Карл Маркс. История жизни - Франц Меринг
Шрифт:
Интервал:
Закладка:
Маркс вскользь упомянул об этих сведениях, когда его посетил Бискамп, чтобы просить его о сотрудничестве в «Народе»; при этом он прибавил, что южногерманцам свойственна манера сгущать краски. Не спросясь Маркса, Бискамп использовал кое-что из сообщенного Блиндом и написал статью с остротами в «Народе» об имперском регенте, предавшем империю; один экземпляр этого номера он послал Фохту. Фохт ответил в «Бильском торговом курьере», напечатав там «Предостережение» рабочим с изобличением «клики беженцев, которые были известны прежде среди швейцарских эмигрантов под кличкою „щеточников“ или „серной банды“», а теперь собрались в Лондоне под руководством своего предводителя Маркса, чтобы плести заговоры среди германских рабочих. Эти заговоры уже с самого начала известны континентальной тайной полиции и, наверное, вовлекут рабочих в беду. Маркс не стал волноваться из-за «этой свинской статейки» и предоставил «Народу» разделаться с нею.
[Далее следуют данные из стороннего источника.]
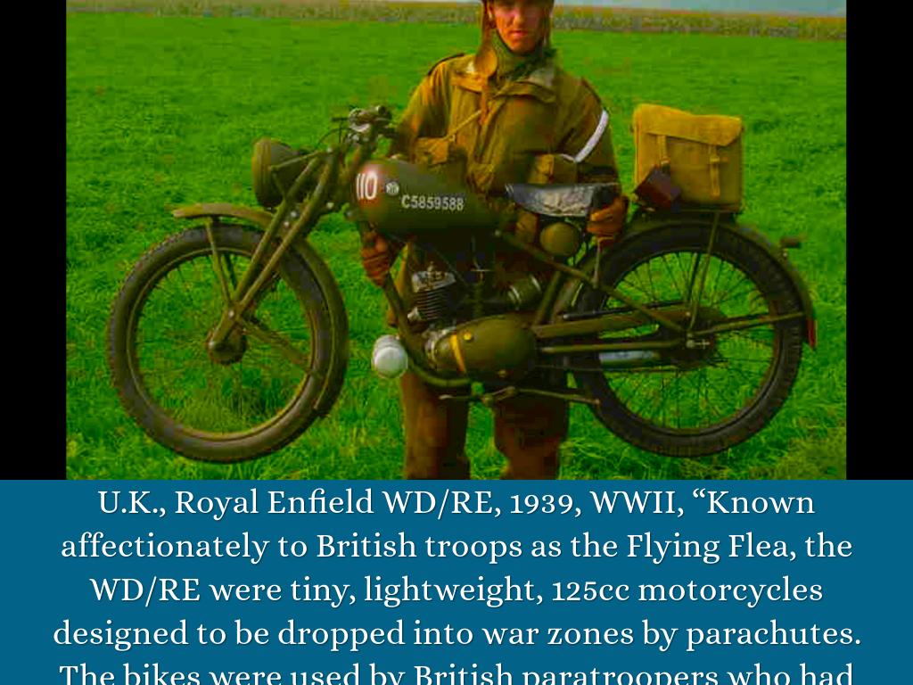 U.K., Royal Enfield WD/RE, 1939, WWII, “Known affectionately to British troops as the Flying Flea, the WD/RE were tiny, lightweight, 125cc motorcycles designed to be dropped into war zones by parachutes. The bikes were used by British paratroopers who had been dropped behind enemy lines to establish safe communications with one another.”
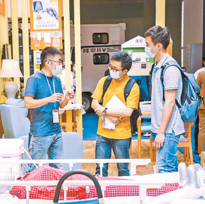 观众在康复护理产品展示区倾听工作人员讲解。 |
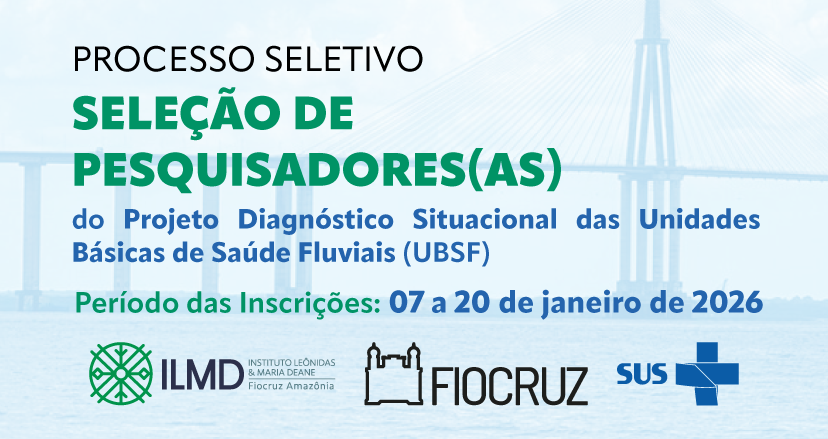 O Instituto Leônidas e Maria Deane (ILMD/Fiocruz Amazônia) divulgou nesta quarta-feira, 7, o edital do processo seletivo referente à seleção de pesquisadores para atuarem na segunda fase do Projeto Diagnóstico Situacional das Unidades Básicas de Saúde Fluviais (UBSF), realizado pelo Laboratório de História, Políticas Públicas e Saúde na Amazônia (Lahpsa), em parceria com o Ministério da Saúde (MS).
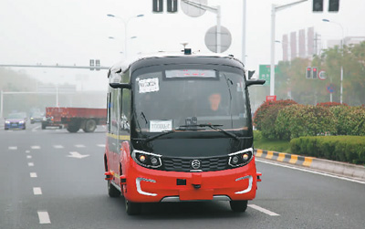 去年,全國首張智能網(wǎng)聯(lián)商用汽車開放道路測試牌照頒發(fā)。圖為全國首輛自動駕駛電動巴士在開放道路進(jìn)行載人測試。

Но когда, в начале июня, Либкнехт поехал в Манчестер, чтобы собрать там среди партийных друзей деньги для «Народа», он нашел в типографии газеты корректурный лист анонимной, направленной против Фохта, статьи, которая содержала в себе разоблачения Блинда; как утверждал наборщик Фегеле, статья была ему передана Блиндом в его собственноручной рукописи; на корректурном листе, кроме того, имелись поправки, сделанные рукою Блинда. Несколько дней спустя Либкнехт получил от Голлингера оттиск и послал его в аугсбургскую «Всеобщую газету», в которой корреспондировал в течение нескольких лет. Он добавил, что статья написана одним из самых уважаемых немецких эмигрантов и что имеются доказательства, подтверждающие все сообщенные в статье факты.
Когда статья эта появилась во «Всеобщей газете», Фохт предъявил обвинение в клевете. Редакция потребовала для своей защиты обещанных доказательств от Либкнехта, а тот, в свою очередь, обратился к Блинду. Но Блинд отказался вмешиваться в дела чуждой ему газеты и стал вообще оспаривать свое авторство, хотя и должен был признать, что сообщил Марксу все факты, содержавшиеся в статье, и частью даже опубликовал их в «Свободной прессе» — органе Уркварта. Маркса все это сначала совершенно не касалось, и Либкнехт заранее примирился с мыслью, что Маркс откажется от него в этом деле. Маркс, однако, приложил все старания, чтобы сорвать маску с Фохта, который притянул его за волосы к этому делу. Но и его попытки добиться сознания у Блинда разбились об упорство последнего, и Марксу пришлось удовольствоваться письменным заявлением наборщика Фегеле о том, что рукопись статьи была написана известным ему почерком Блинда и что статья была набрана и напечатана в типографии Голлингера. Это, конечно, ни в какой мере не доказывало виновность Фохта.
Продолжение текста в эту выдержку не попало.